My data is 88200(rows)*29403(columns)(14Gb approximately). The data has been created in matlab using dlmwrite. I have tried to use the following methods to read the file in python. In all attempts i have run out of memory:
my system: ubuntu 16.04, RAM 32Gb, Swap 20Gb Python 2.7.12, pandas :0.19, GCC 5.4.0
1> using csv:
import csv
import numpy
filename = 'data.txt'
raw_data = open(filename, 'rb')
reader = csv.reader(raw_data, delimiter=',', quoting=csv.QUOTE_NONE)
x = list(reader)
data = numpy.array(x).astype('float')
2a> using numpy loadtxt:
import numpy
filename = 'data.txt'
raw_data = open(filename, 'rb')
data = numpy.loadtxt(raw_data, delimiter=",")
2b> using numpy genfromtxt:
import numpy
x=np.genfromtxt('vectorized_image_dataset.txt',skip_header=0,skip_footer=0,delimiter=',',dtype='float32')
3> using pandas.read_csv:
from pandas import *
import numpy as np
tp = read_csv(filepath_or_buffer='data.txt', header=None, iterator=True, chunksize=1000)
df = concat(tp, ignore_index=True)
In all the above methods it ran out of memory.
The data file has been created using dlmwrite (matlab). a list of images(list.txt) are read one by one, converted to float, vectorized and stored using dlmwrite.
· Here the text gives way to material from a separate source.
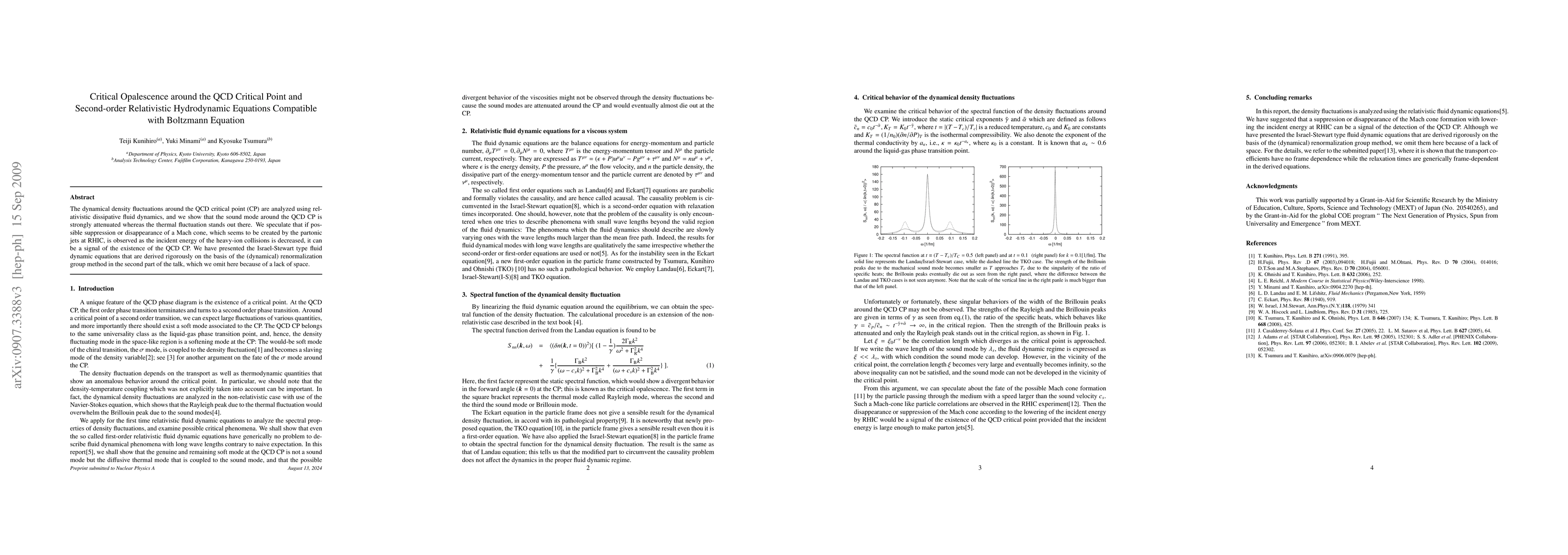 The dynamical density fluctuations around QCD critical point (CP) are analyzed using relativistic dissipative fluid dynamics, and we show that the sound mode around the QCD CP is strongly attenuated whereas the thermal fluctuation stands out there. We speculate that if possible suppression or disappearance of a Mach cone, which seems to be created by the partonic jets at RHIC, is observed as the incident energy of the heavyion collisions is decreased, it can be a signal of the existence of the QCD CP. We have presented the Israel-Stewart type fluid dynamic equations that are derived rigorously on the basis of the (dynamical) renormalization group method in the second part of the talk, which we omit here because of a lack of space.

The code is as below:
fileID = fopen('list.txt');
N=88200;
C = textscan(fileID,'%s');
fclose(fileID);
for i=1:N
A=imread(C{1}{i});
% convert the file to vector
B=A(:);
% convert the above vector to a row
D=B';
% divide by 256
%E=double(D)/double(256);
E=single(D)/single(256);
dlmwrite('vectorized_image_dataset.txt',E,'-append');
clear A;clear B;clear D;clear E;
end
with open("data.txt", "r") as f:"and then process each line at a time using a for loop:for line in f:.